İhtiyaç sahibi kadınlarla iletişim kurabilme güçlüğü de bu sorunlara bir yenisini ekliyor.
Sosyal Sorumluluk Merkezi'nden Jessica Olney, “Kadınların çoğu kocalarını kaybettiği için ailenin reisi olmak durumunda kalmış. Ve bu kadınlar, hizmetlerin nasıl işlediğini ve onlara nasıl ulaşacaklarını hala anlamaya çalışıyor. Hizmete erişim haklarını arayacak tecrübeleri olmadığından o hizmetler olmadan yaşıyorlar ve bu durum da onları daha da savunmasız hale getiriyor,” şeklinde konuşuyor.
Uluslararası Göç Örgütü gibi sivil toplum kuruluşları kadınların uzmanlardan tedavi, sosyal ve psikolojik destek gibi yardım alabilecekleri “güvenli bölgeler” inşa ediyor.

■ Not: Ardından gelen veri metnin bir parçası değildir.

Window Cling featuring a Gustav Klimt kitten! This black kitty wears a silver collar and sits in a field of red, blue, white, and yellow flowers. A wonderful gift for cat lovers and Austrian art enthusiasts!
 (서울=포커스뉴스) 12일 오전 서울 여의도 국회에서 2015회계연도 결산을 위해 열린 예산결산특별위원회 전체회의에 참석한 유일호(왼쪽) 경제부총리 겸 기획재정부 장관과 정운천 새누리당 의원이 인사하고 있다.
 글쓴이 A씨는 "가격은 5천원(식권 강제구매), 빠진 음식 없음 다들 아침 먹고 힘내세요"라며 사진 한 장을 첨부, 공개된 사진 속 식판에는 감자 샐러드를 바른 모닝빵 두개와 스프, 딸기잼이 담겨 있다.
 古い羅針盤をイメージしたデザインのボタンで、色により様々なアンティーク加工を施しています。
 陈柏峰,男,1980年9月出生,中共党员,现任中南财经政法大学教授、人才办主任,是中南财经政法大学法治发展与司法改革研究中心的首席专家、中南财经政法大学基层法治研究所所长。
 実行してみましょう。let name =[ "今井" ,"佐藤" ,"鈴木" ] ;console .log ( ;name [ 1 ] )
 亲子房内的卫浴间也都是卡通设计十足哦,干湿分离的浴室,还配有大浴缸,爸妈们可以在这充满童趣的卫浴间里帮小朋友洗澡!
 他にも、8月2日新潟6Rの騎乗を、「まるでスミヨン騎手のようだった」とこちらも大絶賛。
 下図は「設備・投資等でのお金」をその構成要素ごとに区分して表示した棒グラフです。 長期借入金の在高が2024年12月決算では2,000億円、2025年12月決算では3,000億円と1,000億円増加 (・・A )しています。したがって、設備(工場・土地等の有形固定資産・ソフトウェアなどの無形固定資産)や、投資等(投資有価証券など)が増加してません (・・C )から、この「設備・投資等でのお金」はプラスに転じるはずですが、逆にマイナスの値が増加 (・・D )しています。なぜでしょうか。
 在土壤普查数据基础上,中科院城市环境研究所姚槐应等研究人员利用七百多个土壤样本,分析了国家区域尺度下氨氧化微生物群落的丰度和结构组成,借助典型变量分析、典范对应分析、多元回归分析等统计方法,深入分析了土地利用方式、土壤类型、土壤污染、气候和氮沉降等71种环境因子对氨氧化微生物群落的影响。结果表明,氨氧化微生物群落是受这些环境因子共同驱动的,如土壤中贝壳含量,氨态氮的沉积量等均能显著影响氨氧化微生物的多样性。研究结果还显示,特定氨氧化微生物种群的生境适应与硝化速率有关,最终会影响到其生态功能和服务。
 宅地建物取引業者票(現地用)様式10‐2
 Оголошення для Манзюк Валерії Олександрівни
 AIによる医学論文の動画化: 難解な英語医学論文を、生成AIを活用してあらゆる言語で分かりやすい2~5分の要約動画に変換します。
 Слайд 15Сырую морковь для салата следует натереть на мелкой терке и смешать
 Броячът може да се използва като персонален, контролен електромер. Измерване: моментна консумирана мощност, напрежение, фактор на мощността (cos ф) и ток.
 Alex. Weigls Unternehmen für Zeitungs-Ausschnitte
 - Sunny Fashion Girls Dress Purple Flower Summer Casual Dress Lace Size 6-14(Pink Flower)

Uluslararası Göç Merkezi'nden Fiona MacGregor, “Bu merkezle, sadece kadınların bulunduğu ve onlar için önemli şeyleri konuşabildikleri güvenli yerler. İhtiyaçlarının neler olduğunu dinlemek ve bunlarla başa çıkma yolları bulmak için iyi bir fırsat,” diyor.
Myanmar’da durum kurtarma çalışmalarından, rehabilitasyon çabalarına dönüyor. Ancak ülkedeki şiddet olaylarının sorumluları için adaletin ne zaman yerini bulacağı bilinmiyor.